Of course, not everyone's exactly thrilled to have their materials recycled. We found it sadly ironic that in the same week Ferguson released part three of Remix, two people who were actually creating remixes on the web had their hands slapped...one of them hard enough to bruise.
Last Friday, Jason Angello shut down his wonderful Tumblr, Peanutweeter. A simple joke that managed to last 10 weeks, Peanutweeter mashed up tweets with Peanuts comics. (One of our favorites was of Snoopy, laying on the top of his dog house under a full moon, thinking "All Brazilian waxed and nowhere to go.") Angello closed it down after receiving a takedown request from Iconix Brand Group, and posted this note to his followers: "While I maintain that Peanutweeter fell under parody and Fair Use...I do not have the means nor the desire to prove this in court."

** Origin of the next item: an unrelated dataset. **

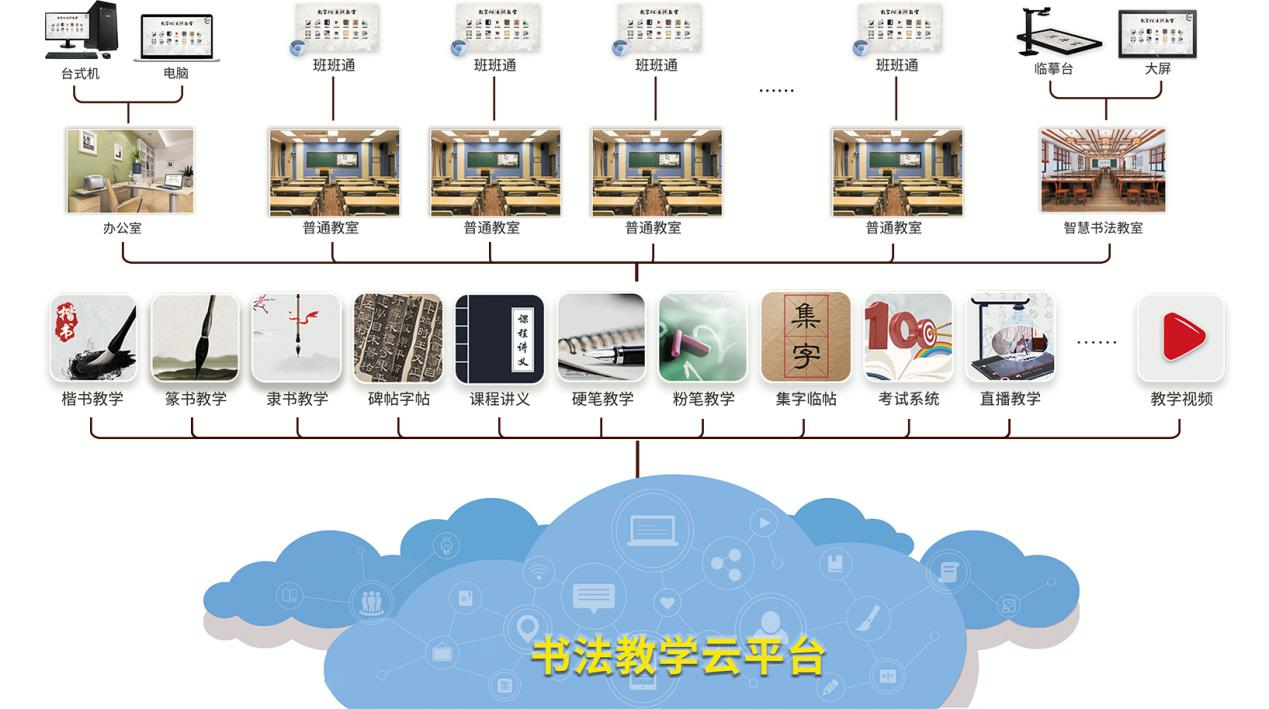 漢丹云智慧書法云教室依托行業(yè)領(lǐng)先的云平臺構(gòu)建書法云服務(wù),讓學(xué)校所有教室都可以開展書法教學(xué)工作,解決學(xué)校教室緊張、排課困難和師資緊缺等多方面問題。書法專用教室在日常教學(xué)排課中,存在資源緊張,排課困難的情況,很難保證每個學(xué)生的課時安排;同時書法課除保證日常教學(xué)外,為達到好的教學(xué)效果,還需為學(xué)生提供額外的書法練習(xí)課,所以書法專用教室完全不能滿足日常教學(xué)使用。因此,將依據(jù)互聯(lián)網(wǎng)+教育理念打造網(wǎng)絡(luò)化的智慧書法教室,接入書法教學(xué)云平臺,讓所有教室都可以開展書法教學(xué)工作,解決書法功能教室排課緊張問題;師生可以在校園任何接入網(wǎng)絡(luò)的設(shè)備上都可登陸書法云平臺開展書法教學(xué)工作,賦能書法課堂和校園內(nèi)外,讓教學(xué)工作不受制于課堂。

And then on Thursday, long-time blogger Andy Baio posted the news that he had settled a dispute with Jay Maisel, the photographer of the cover image on the Miles Davis record Kind of Blue. Baio repurposed the image for a project, Maisel threatened Baio with a lawsuit, they settled for $32,000. "Despite my firm belief that I was legally in the right," Baio writes, "I settled out of court to cut my losses."
We aren't intellectual property lawyers (nor do we want to play them on TV), but as supporters of independent media and lovers of remixes, we're worried about the chilling effects of cases like these. It's unfortunate that the individuals stretching the boundaries of culture and Fair Use are precisely the people that won't have the resources to push any kind of defining case through the courts. So while everything may be a remix, the dance track only lasts as long as the lawyers let it. And we all know how well lawyers dance.